◆ **RECORDED DATA**:
※ ※ ※

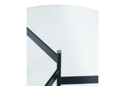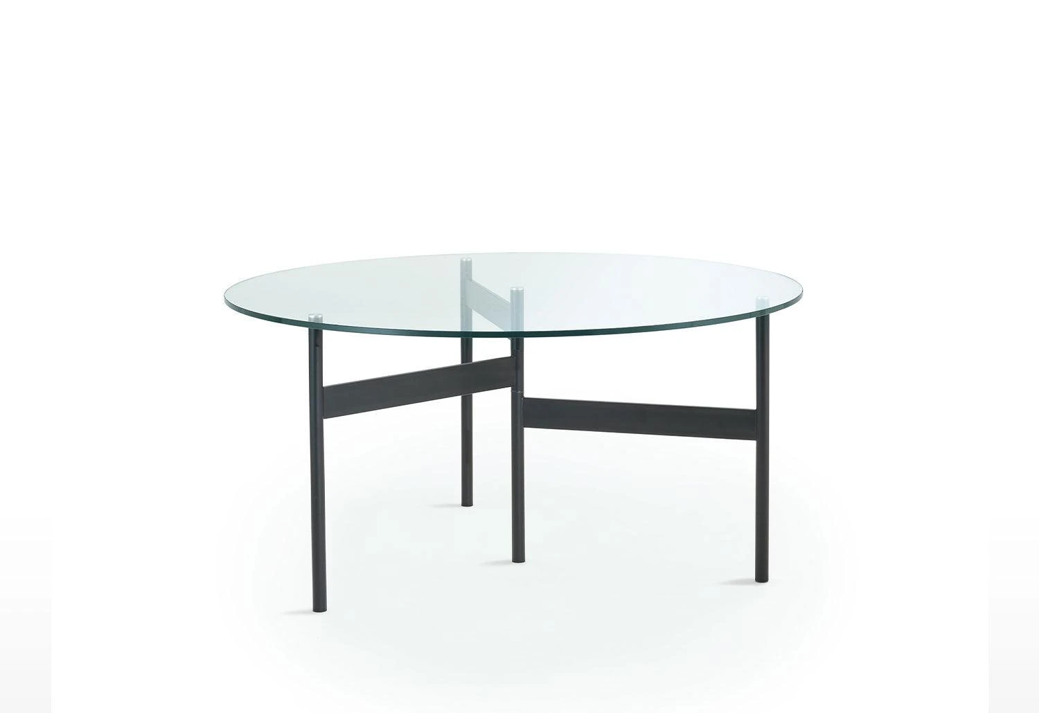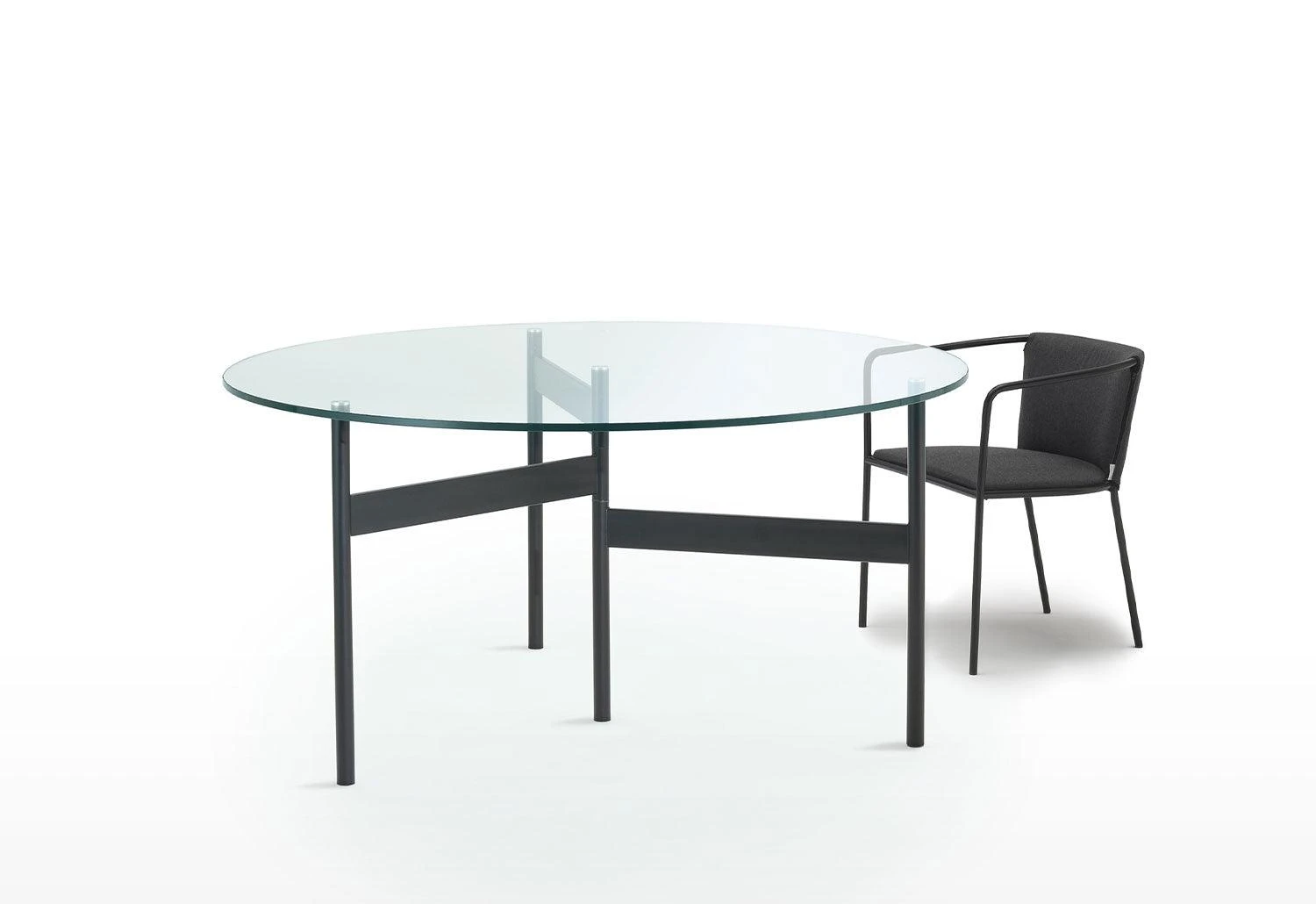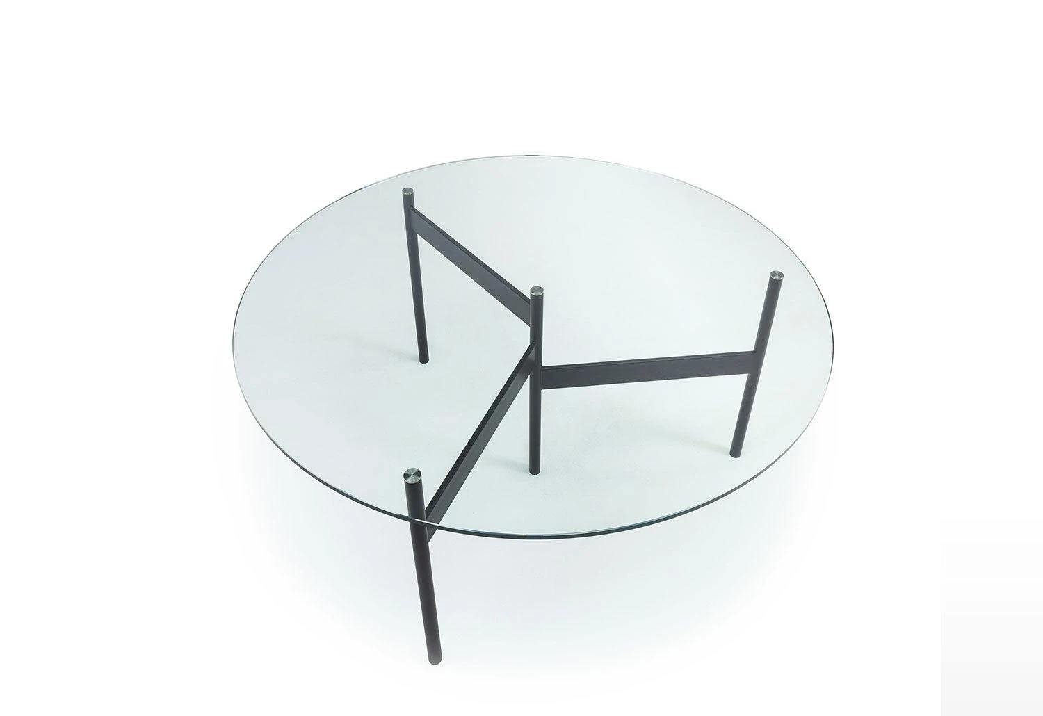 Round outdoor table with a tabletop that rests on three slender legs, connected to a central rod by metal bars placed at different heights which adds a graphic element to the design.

※ ※ ※

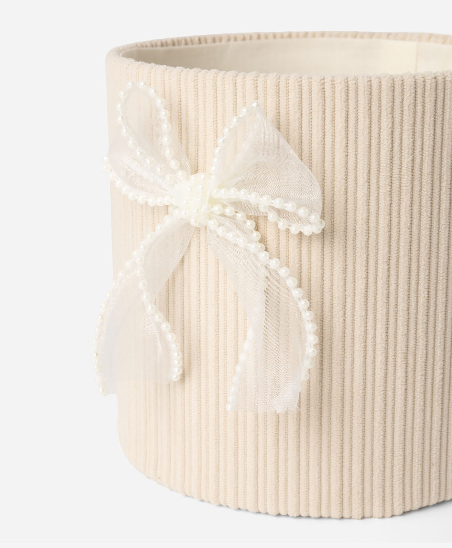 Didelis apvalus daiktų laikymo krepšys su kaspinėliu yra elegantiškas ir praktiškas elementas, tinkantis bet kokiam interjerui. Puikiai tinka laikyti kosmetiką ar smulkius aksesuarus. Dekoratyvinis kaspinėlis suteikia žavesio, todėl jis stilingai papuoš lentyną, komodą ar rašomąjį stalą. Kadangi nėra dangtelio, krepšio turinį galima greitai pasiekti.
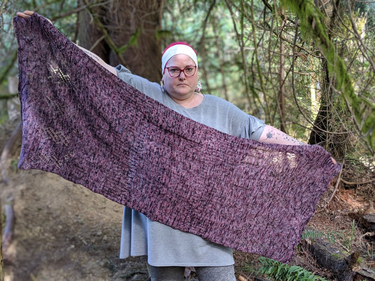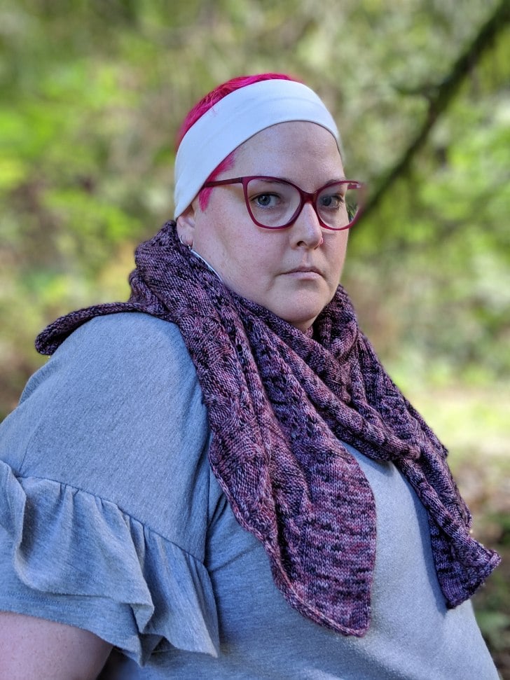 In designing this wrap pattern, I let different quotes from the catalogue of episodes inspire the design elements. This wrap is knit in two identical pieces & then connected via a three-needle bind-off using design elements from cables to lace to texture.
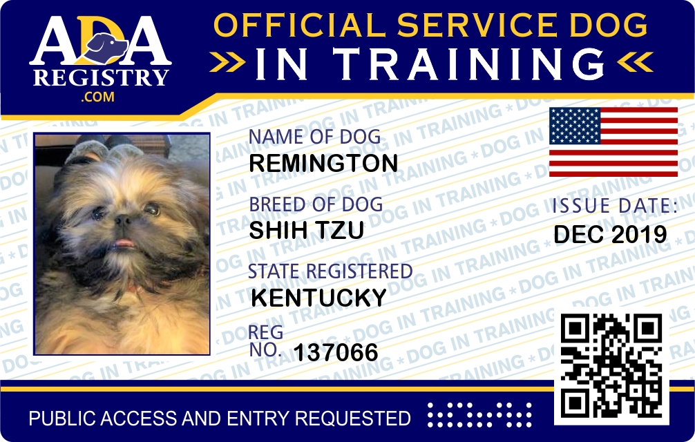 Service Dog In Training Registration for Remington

※ ※ ※

◆ **TO DO**:
Go to the line above that contains "In designing this" and reproduce everything exactly from there through the line that contains "Service Dog In", leaving out the pictures.

◆ **RESPONSE BELOW**:
 In designing this wrap pattern, I let different quotes from the catalogue of episodes inspire the design elements. This wrap is knit in two identical pieces & then connected via a three-needle bind-off using design elements from cables to lace to texture.
 Service Dog In Training Registration for Remington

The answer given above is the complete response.